• [Task brief]: Reproduce word for word the line holding "- 7 großformatige" and all lines after it in the data, through the end, leaving out pictures.

• [Data shown]:
- Opening Delimiter -

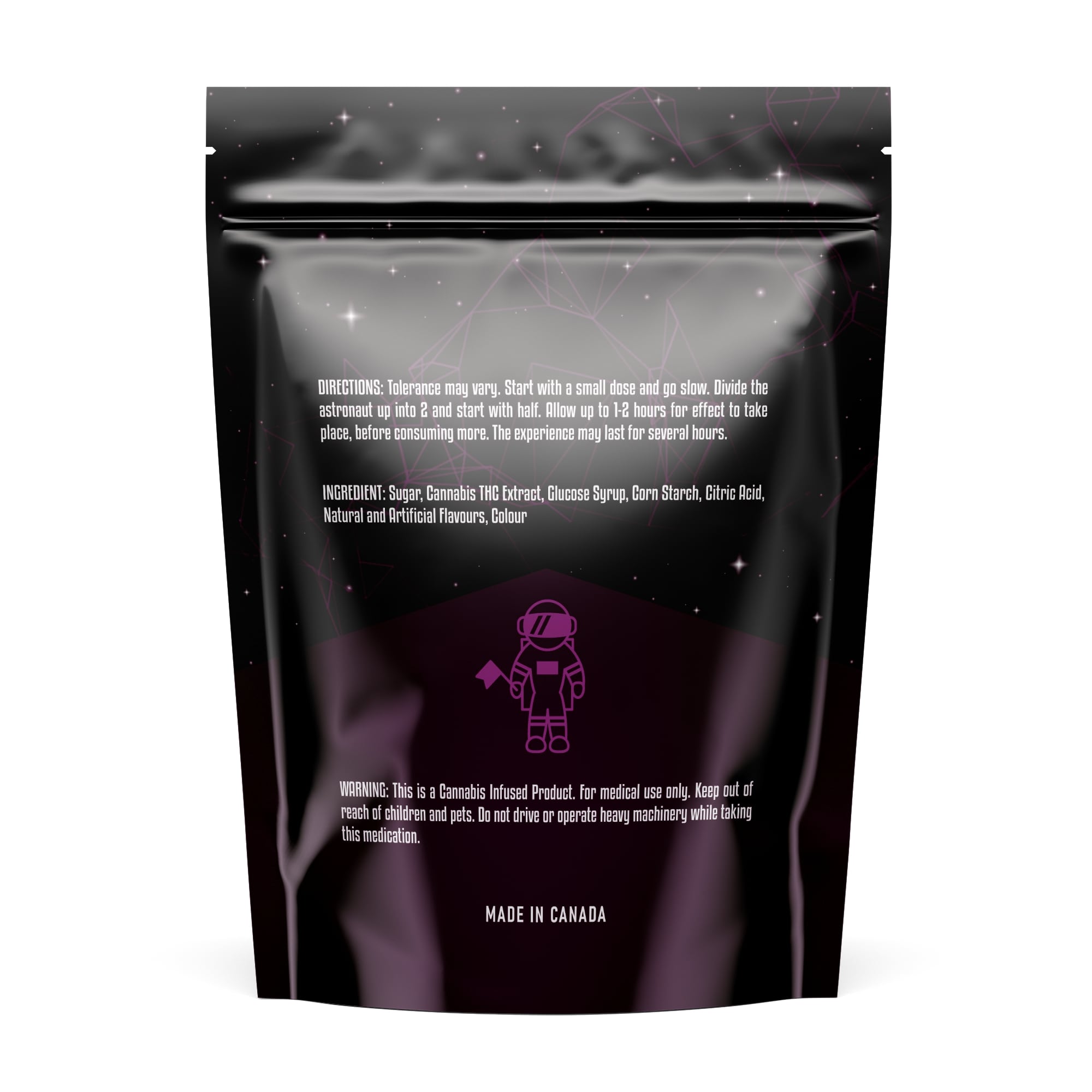 DOSAGE | Each piece contains 60mg of THC. Start with 1/2 of an Astro and allow 60-90 minutes for full effects to kick in. |
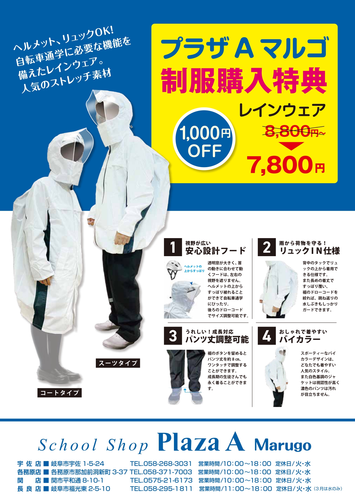 ・通学靴、学生ベルト、レインウェア、ヘルメット等もお取扱いしております。
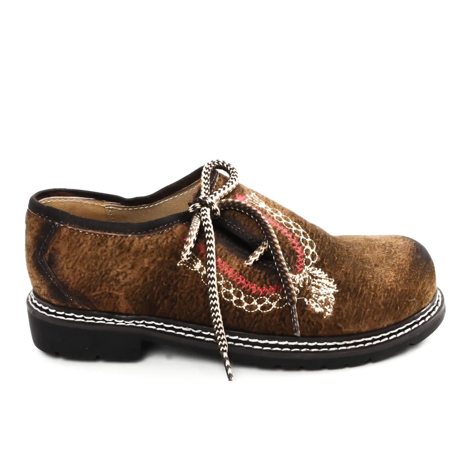 Die Kinder Haferlschuhe „Austria“ sind aus weichem Ziegenleder gemacht. Sie haben eine runde Spitze, einen bequemen Absatz und lassen sich leicht an- und ausziehen dank der einseitigen Schnürung. Die Schuhe sind braun mit einer hübschen weißen und roten Verzierung. Die braunen Bänder und die schwarze Sohle runden das klassische Design ab. Perfekt für Alltag und besondere Anlässe.
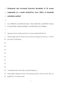 Orthonasal and retronasal detection thresholds of 26 aroma compounds in a model alcohol-free beer: effect of threshold calculation method.
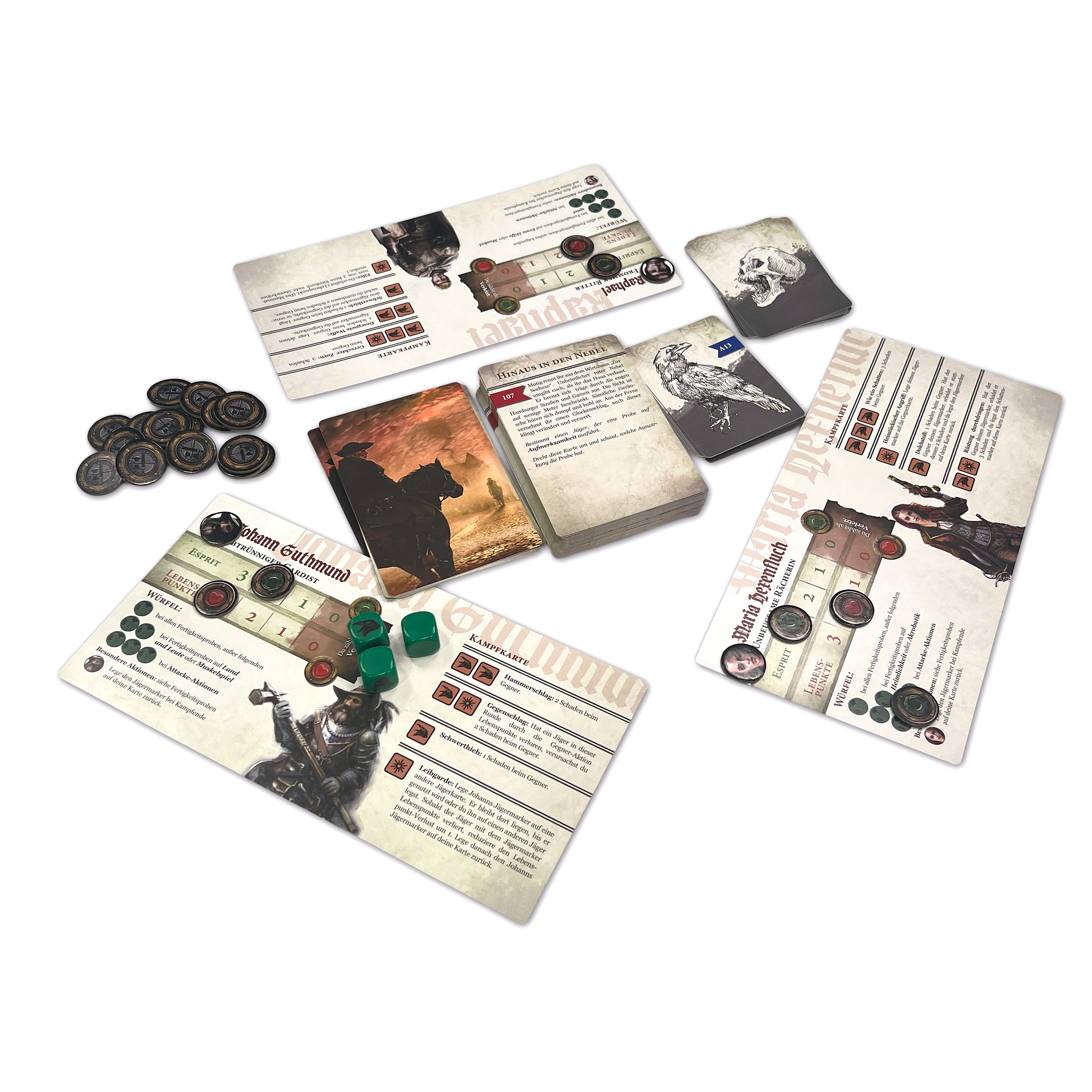 - 7 großformatige Karten (für die Helden und Spielmitte)
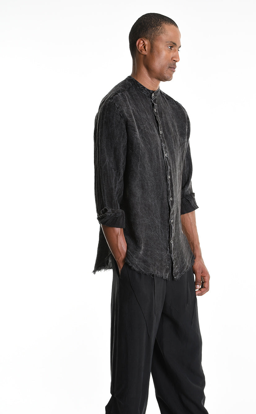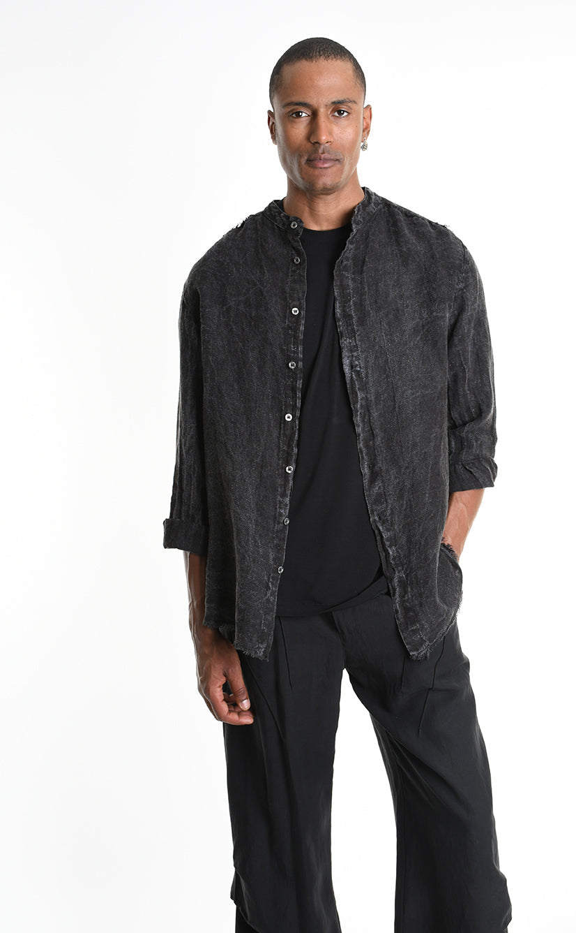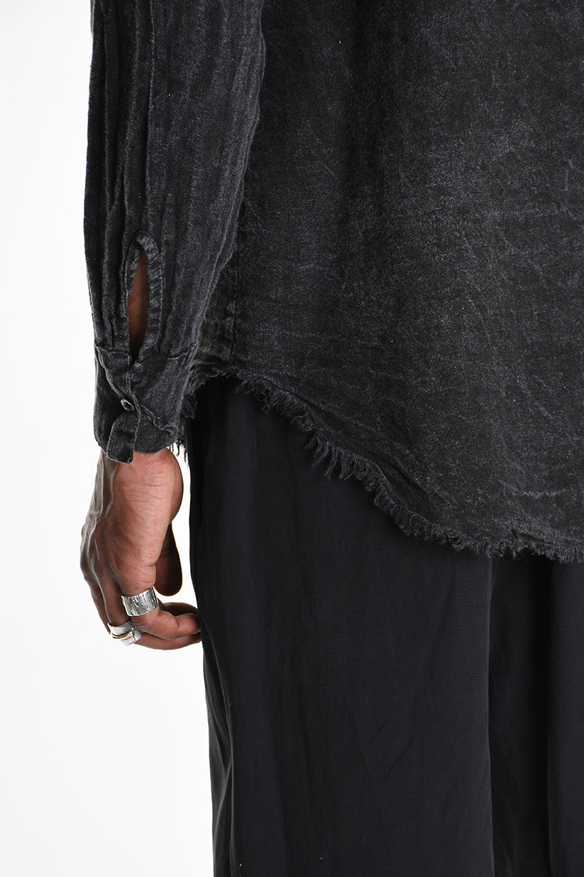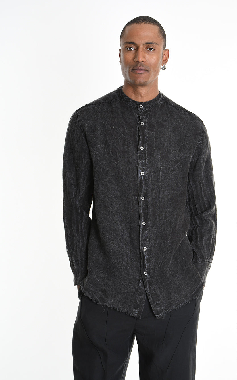 LA HAINE INSIDE US 3V M1223 Regular Shirt | Italian Linen Dyed Cold Marmorized Black

- Closing Delimiter -

• [Expected output]:
 - 7 großformatige Karten (für die Helden und Spielmitte)
 LA HAINE INSIDE US 3V M1223 Regular Shirt | Italian Linen Dyed Cold Marmorized Black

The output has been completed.